*The input*
=====
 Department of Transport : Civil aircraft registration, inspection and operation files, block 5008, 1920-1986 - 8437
=====
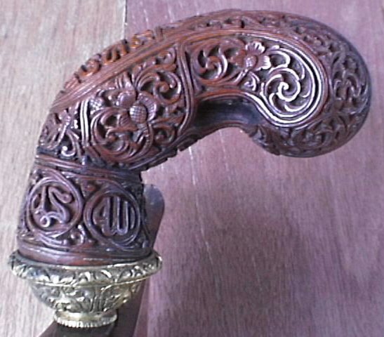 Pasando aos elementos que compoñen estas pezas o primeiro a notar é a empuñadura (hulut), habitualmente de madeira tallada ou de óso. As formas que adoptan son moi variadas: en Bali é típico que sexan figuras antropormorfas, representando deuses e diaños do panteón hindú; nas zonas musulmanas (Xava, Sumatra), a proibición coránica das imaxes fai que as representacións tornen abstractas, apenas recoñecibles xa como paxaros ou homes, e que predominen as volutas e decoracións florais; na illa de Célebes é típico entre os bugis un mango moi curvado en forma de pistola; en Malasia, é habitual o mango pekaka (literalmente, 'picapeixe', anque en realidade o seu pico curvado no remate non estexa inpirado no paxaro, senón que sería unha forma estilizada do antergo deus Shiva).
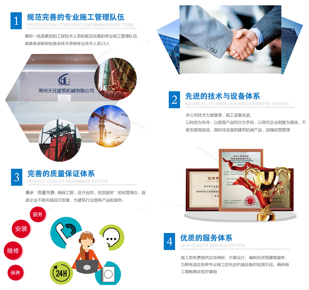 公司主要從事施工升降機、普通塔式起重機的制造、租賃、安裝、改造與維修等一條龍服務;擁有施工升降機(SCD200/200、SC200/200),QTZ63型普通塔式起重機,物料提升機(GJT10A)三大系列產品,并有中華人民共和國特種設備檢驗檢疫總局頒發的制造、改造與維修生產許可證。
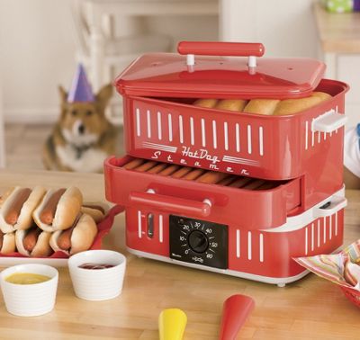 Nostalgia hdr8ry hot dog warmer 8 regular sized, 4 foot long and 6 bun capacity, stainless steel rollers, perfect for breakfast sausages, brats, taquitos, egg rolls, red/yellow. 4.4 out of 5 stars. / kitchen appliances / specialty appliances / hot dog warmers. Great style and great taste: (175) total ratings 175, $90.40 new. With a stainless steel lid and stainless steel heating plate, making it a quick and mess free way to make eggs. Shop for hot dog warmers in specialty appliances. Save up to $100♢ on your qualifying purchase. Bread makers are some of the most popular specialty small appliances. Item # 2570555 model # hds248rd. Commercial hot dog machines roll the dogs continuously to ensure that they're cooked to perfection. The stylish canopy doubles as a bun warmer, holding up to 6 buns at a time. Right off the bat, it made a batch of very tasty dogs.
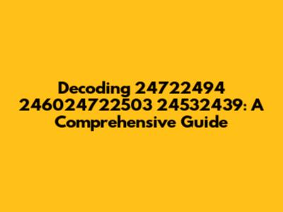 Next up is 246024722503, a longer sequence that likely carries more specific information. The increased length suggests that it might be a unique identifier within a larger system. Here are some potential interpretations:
=====
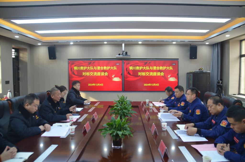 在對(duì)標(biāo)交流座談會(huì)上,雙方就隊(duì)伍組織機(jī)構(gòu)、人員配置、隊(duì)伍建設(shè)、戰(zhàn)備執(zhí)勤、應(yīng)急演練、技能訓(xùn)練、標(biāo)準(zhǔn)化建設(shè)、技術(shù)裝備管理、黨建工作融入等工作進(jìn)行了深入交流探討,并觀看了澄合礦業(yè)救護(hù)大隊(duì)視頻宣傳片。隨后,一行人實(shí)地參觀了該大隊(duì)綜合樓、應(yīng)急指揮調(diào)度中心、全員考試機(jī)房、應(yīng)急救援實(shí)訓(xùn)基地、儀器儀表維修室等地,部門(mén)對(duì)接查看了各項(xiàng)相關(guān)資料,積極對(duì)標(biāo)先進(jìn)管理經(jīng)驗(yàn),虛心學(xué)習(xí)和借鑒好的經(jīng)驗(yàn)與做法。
=====
*Your instructions*
Above, find the line holding "Nostalgia hdr8ry hot" and the line holding "Next up is 246024722503, a". Print exactly those two lines and every line between them, but no pictures.

*Answer below*
 Nostalgia hdr8ry hot dog warmer 8 regular sized, 4 foot long and 6 bun capacity, stainless steel rollers, perfect for breakfast sausages, brats, taquitos, egg rolls, red/yellow. 4.4 out of 5 stars. / kitchen appliances / specialty appliances / hot dog warmers. Great style and great taste: (175) total ratings 175, $90.40 new. With a stainless steel lid and stainless steel heating plate, making it a quick and mess free way to make eggs. Shop for hot dog warmers in specialty appliances. Save up to $100♢ on your qualifying purchase. Bread makers are some of the most popular specialty small appliances. Item # 2570555 model # hds248rd. Commercial hot dog machines roll the dogs continuously to ensure that they're cooked to perfection. The stylish canopy doubles as a bun warmer, holding up to 6 buns at a time. Right off the bat, it made a batch of very tasty dogs.
 Next up is 246024722503, a longer sequence that likely carries more specific information. The increased length suggests that it might be a unique identifier within a larger system. Here are some potential interpretations:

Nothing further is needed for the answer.